Purpose: Patients with diabetes mellitus (DM) experience progressive macrovascular atherosclerosis and intimal hyperplastic restenosis with increased frequency as compared with nondiabetic patients. These observations suggest that vascular smooth muscle cells (VSMCs) behave in a phenotypically different and more aggressive manner in diabetic patients. In this study, we compared the in vitro rates of proliferation, adhesion, and migration of human VSMCs obtained from diabetic and nondiabetic patients.
Methods: Human VSMC cultures were isolated from 23 diabetic patients (9 artery, 14 vein) and 15 nondiabetic patients (9 artery, 6 vein) with extensive lower extremity atherosclerosis. All patients were between 61 and 78 years of age (average: 68.4 years [diabetic]; 67.3 years [nondiabetic]). All diabetic patients had type 2 DM. Vascular specimens were obtained at the time of amputation from infragenicular arteries and during arterial revascularization from saphenous veins. Cells from passages 2 and 3 were assayed for their proliferative capacity with total DNA fluorescence photometry and for adhesion and migration with a modified Boyden chamber.
Results: The average duration of diabetes was 11.6 +/- 4.1 years. The average number of diabetic complications (retinopathy, neuropathy, nephropathy, coronary artery disease) was 2.8 +/- 0.7 per patient. Diabetic VSMCs exhibited abnormal morphology in cell culture with loss of the normal hill and valley configuration. Proliferation was significantly increased in VSMCs of diabetic origin (156 +/- 57 absorption units) as compared with those of nondiabetic origin (116 +/- 42 absorption units) (P <.001). Diabetic VSMCs demonstrated significantly greater adhesion (63.6 +/- 24 per high-power field vs 37.9 +/- 13 per high-power field; P =.002) and migration (397 +/- 151 per low-power field vs 121 +/- 99 per low-power field; P =.001) rates.
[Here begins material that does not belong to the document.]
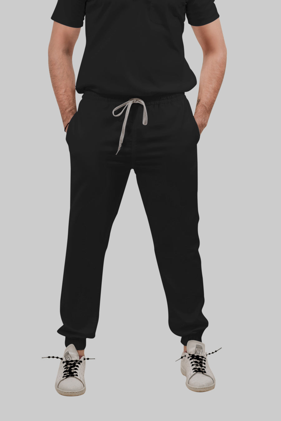 Stretchable (4Way) Female Black Mandarin Neck With Jogger Scrub Set
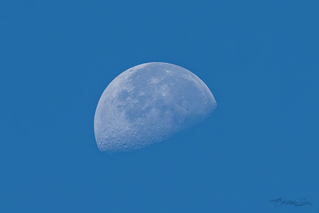 Here's is a rare day time view of a half moon. It was taken about 3:30 in the afternoon May 30th of last year.Related content

Conclusions: Diabetic VSMCs exhibit significantly increased rates of proliferation, adhesion, and migration as well as abnormal cell culture morphology suggestive of abnormal contact inhibition. These observations of human VSMCs in culture are consistent with the increased rate of infragenicular atherosclerosis and the increased rates of restenosis observed clinically in diabetic patients. The atherosclerosis- and intimal hyperplasia-promoting behavior exhibited appears to be intrinsic to the DM-VSMC phenotype and must be considered when designing methods to limit atherosclerosis and intimal hyperplasia in diabetic patients.